When involved in forming the consortium for the proposal for the ReSIST Project on Resilience for Survivability in IST, Prof Brian Randell of Newcastle University proposed that the CS AKTive Space  that he had recently seen was an interesting prototype of how the project might have an effective knowledge-enabled infrastructure for the 15 partners and the outputs they would generate. The University of Southampton joined the consortium to provide such an infrastructure. During the three years of the project (January 2006 – December 2008) the work progressed, informed by the project requirements, and we present the result of that work, and the work of other collaborations.
In the course of building the required system, it was necessary to confront many of the challenges currently being faced by Linked Data researchers. In the subsequent sections of this overview we provide brief descriptions and figures comprising some major subsystems.
We begin by presenting the most obvious component, the user interface. We go on to show outputs of probably the most challenging part, the co-reference subsystem, and then discuss the sources and methods for data acquisition.
Many other aspects are exposed and can be freely used by interested third parties, and these will be shown on demand during the poster/demonstration session.
Although user interface work was not intended to be a major part of the project, it was necessary to provide a suitable interface for the intended users of the RKB. A browser was developed, and is now in its third realisation, following previous versions and evaluations .
Fig. 1. The RKBExplorer, showing a focus on Prof. Randell
Figure 1 shows a screenshot of this latest version of the RKBExplorer. It is a faceted browser, showing the community of practice of the resource in focus (in this case Prof Randell) on the top left, and details of the resource on the top right. Below these are panes which show resources that have been identified by the system as being related to the resource in focus, in descending order of importance. The ordering is informed by the ontological relationships in the underlying knowledge base.
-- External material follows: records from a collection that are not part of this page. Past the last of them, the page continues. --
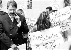 Mientras en la sesión de plenos del IFE se ventilaba el debate y se exigía la cancelación del registro al PSN, en el lobby de acceso al salón decenas de candidatos del PSN llegaron a protestar contra su dirigente, Gustavo Riojas. Sigilosamente pidieron hablar con él, y cuando acudió a escucharlos desplegaron sus mantas que cuestionaban su "presidencia imperial" y le reclamaban que "distribuyera el dinero de la campaña entre los candidatos, porque solamente les había repartido 10 mil pesos a cada uno".
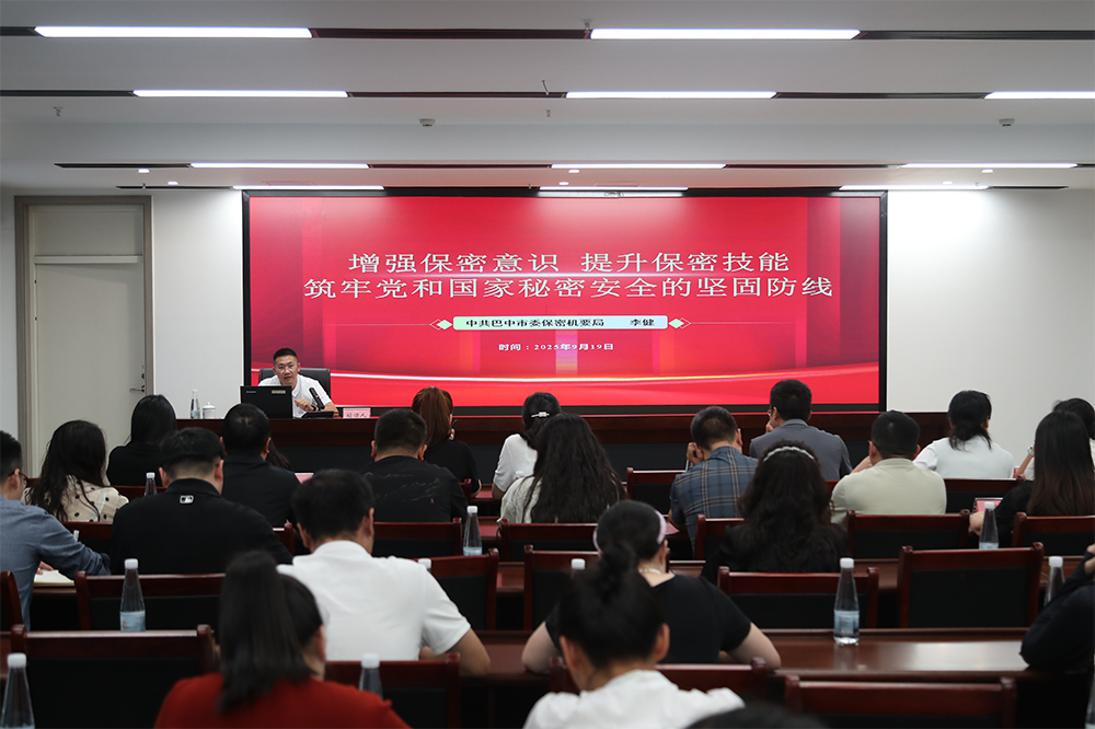 為進(jìn)一步提高國(guó)企干部職工的保密素養(yǎng)和能力,9月19日,巴中發(fā)展集團(tuán)開展保密工作專題培訓(xùn),市委保密機(jī)要局科技測(cè)評(píng)中心主任李健應(yīng)邀授課,集團(tuán)本部全體職工、下屬企業(yè)分管領(lǐng)導(dǎo)及相關(guān)部門員工共60余人參加培訓(xùn)。
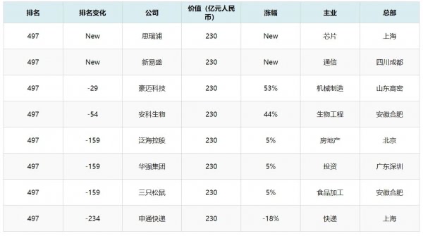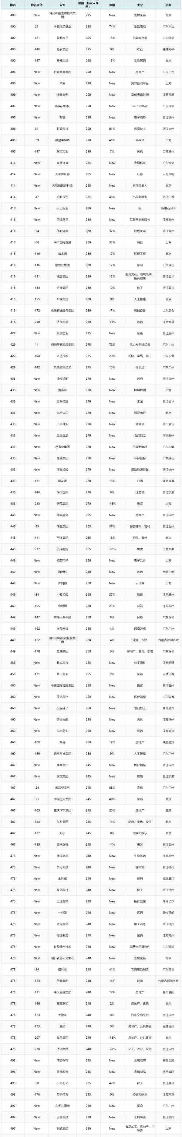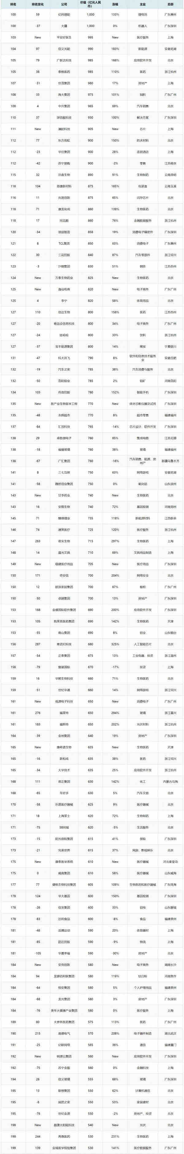 根据榜单显示,436家上榜企业的价值比去年有所增长,其中120家为新上榜;53家上榜企业的价值比去年有所下降,另外有121家去年榜单上的企业今年落榜,包括陌陌、瑞幸咖啡和神州优车等;19家企业的价值和去年保持一致。
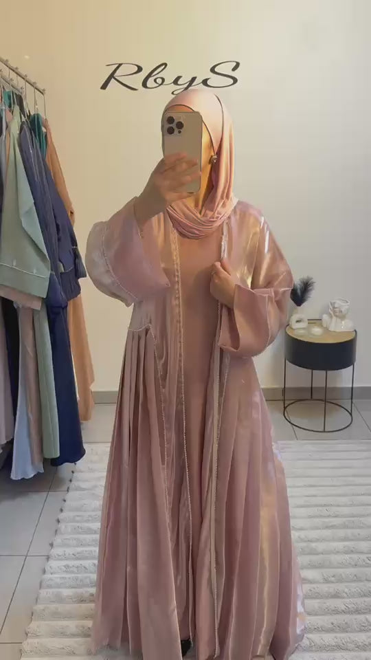 Sa teinte blush rosé, douce et lumineuse, illumine le teint et confère à cet ensemble une élégance romantique et apaisante. La pièce intérieure fluide complète harmonieusement l’ensemble pour une tenue confortable, élégante et facile à porter, aussi bien pour le quotidien que pour les occasions spéciales, notamment durant le mois de Ramadan.
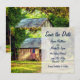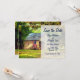 Diese Save the Date angekündigte Hochzeitsfeier besticht durch eine rustikale Scheune mit einer patriotischen amerikanischen Fahne in einer bezaubernden Landschaft aus Holz.

The type of resource in the lower panes can be changed (for example to “Organisations”) by clicking a “change” link.
The detail pane on the top right shows a unified view of the knowledge about the resource from all the known knowledge bases, while also taking cognisance of the multiple URIs of the resource. These resources are then formatted for the pane by using fresnel lens that have been defined as appropriate for the RKB system, or by the ontology providers. In this case, the pane shows information from a number of
rkbexplorer.com sites, but has also brought in (by URI resolution on demand), the information on this resource from dbpedia.org, and shown it as “Description”.
Co-reference identification, management and reuse
The problem of ascertaining when two URIs identify the same non-information resource was a serious concern in CS AKTive Space. As the world of Linked Data has grown, this has been seen as an increasingly important problem, and with the many sources used in the RKB, it presented the RKB builders with a significant challenge. Although some of the sources purported to have made such identifications, it rarely proved possible to accept their judgement, as there were too many false positive cases. In viewing a source that has few connections, if any, to other sources, it is often possible for a user to recognise that two or more resources have been identified as one, and reject the incorrect knowledge by using known context, almost without being conscious of it. However, once a resource is being used as only one of many inputs to a system that is providing aggregation, as the RKB does, such errors are less obvious and amenable to being discounted by context, and therefore more serious. For example we found that the excellent and widely-respected DBLP Computer Science Bibliography3 had many such false positives. Until we made the
decision to reject all identifications from DBLP, one consequence was that one of our project members, Prof Tom Anderson of Newcastle University, was identified as being in receipt of major funds from the US’ NSF (as well as all the other knowledge about publications and EU funding), when in fact the individual we were considering had never been funded by that organisation. Another example was that the same individual was identified as working with many colleagues in Australia, as the information provided by one of the sources had incorrectly identified the University of Newcastle, Australia as being the same institution as Newcastle University, UK.
To solve this problem, almost all strings that referred to resources were given new, unique, URIs on acquisition. A variety of tools were then run to carry out the co-reference analysis in a conservative manner, matching strings with varying levels of precision, depending on type and context, as well as performing pattern matching on the RDF graphs of the different resources.
Having deduced this co-reference information, we have devised a system to aid storing, maintaining and modifying URI equivalences. The Co-reference Resolution Service (CRS) enables groups of URIs to be represented in ‘bundles’ which identify resources which are deemed to be equivalent within a given context. Methods and interfaces are provided to query for equivalent URIs, to modify, merge, and undo bundles, and to deprecate URIs. We have currently instantiated a CRS for each of the rkbexplorer.com repositories, maintaining knowledge of co-reference both internally within that ‘local’ dataset and of equivalent resources in other ‘foreign’ datasets. However, one can use as many or few CRSes as required, for example utilising multiple instances to represent a different notion or context of equivalence, such as
very strict heuristics for use in a citation analysis scenario compared to a more liberal sense of similarity suitable for general use.
To facilitate reuse of the co-reference data we have collected, a service is provided at http://www.rkbexplorer.com/sameAs/ which can return all equivalences for any given URI. This service iteratively interrogates those CRSes as required to expand the equivalence set until a global closure is achieved, enabling applications such as RKBExplorer to easily discover alternative URIs which should be considered.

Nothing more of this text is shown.